RECORDS PROVIDED: Begin
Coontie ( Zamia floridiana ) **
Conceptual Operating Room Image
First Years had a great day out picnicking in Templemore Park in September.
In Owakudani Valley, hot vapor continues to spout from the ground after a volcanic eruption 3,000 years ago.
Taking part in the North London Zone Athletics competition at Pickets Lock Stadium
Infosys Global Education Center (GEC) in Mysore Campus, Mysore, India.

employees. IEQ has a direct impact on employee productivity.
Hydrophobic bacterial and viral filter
RECORDS PROVIDED: End
RECORDS PROVIDED: Begin
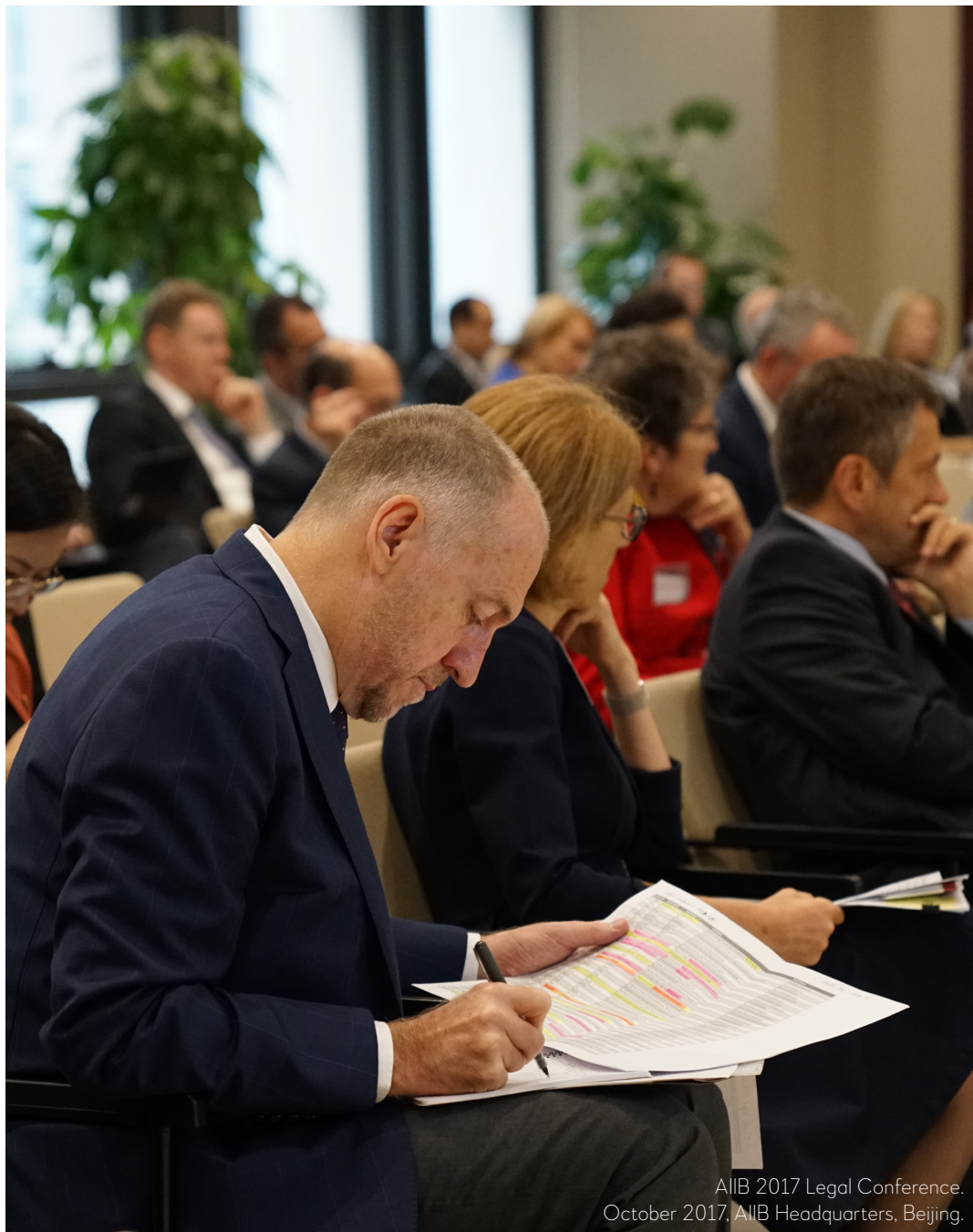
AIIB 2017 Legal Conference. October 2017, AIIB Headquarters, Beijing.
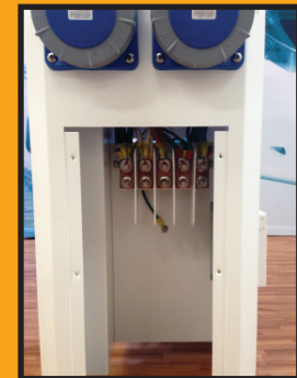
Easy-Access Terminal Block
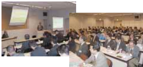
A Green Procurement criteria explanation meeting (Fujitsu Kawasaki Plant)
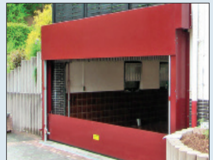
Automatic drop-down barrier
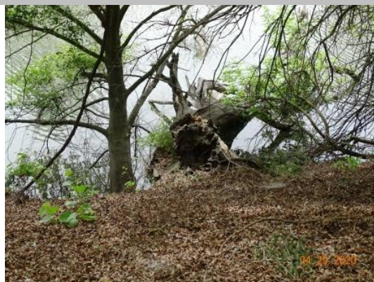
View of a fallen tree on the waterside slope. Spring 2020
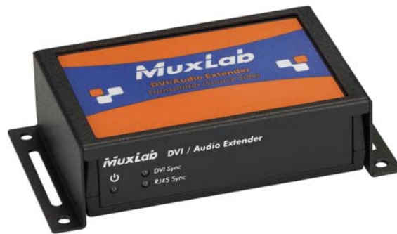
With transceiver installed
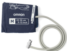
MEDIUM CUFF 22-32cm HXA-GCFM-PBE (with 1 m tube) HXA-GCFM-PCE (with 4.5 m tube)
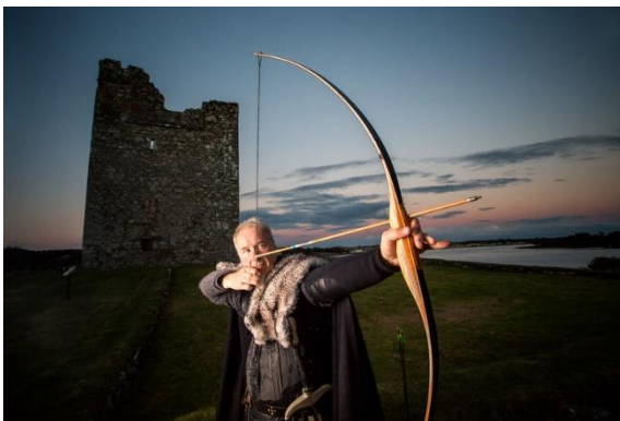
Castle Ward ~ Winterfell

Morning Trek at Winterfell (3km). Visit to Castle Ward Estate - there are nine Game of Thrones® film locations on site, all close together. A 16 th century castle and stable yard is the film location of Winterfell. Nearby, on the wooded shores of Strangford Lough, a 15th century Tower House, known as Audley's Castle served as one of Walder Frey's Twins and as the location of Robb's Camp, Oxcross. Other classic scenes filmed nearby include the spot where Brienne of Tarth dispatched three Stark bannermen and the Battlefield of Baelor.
RECORDS PROVIDED: End
** GOAL OF THE EXERCISE **
A complete answer gives every line of the data that includes "Ward".

** ANSWER AREA **
Castle Ward ~ Winterfell
Morning Trek at Winterfell (3km). Visit to Castle Ward Estate - there are nine Game of Thrones® film locations on site, all close together. A 16 th century castle and stable yard is the film location of Winterfell. Nearby, on the wooded shores of Strangford Lough, a 15th century Tower House, known as Audley's Castle served as one of Walder Frey's Twins and as the location of Robb's Camp, Oxcross. Other classic scenes filmed nearby include the spot where Brienne of Tarth dispatched three Stark bannermen and the Battlefield of Baelor.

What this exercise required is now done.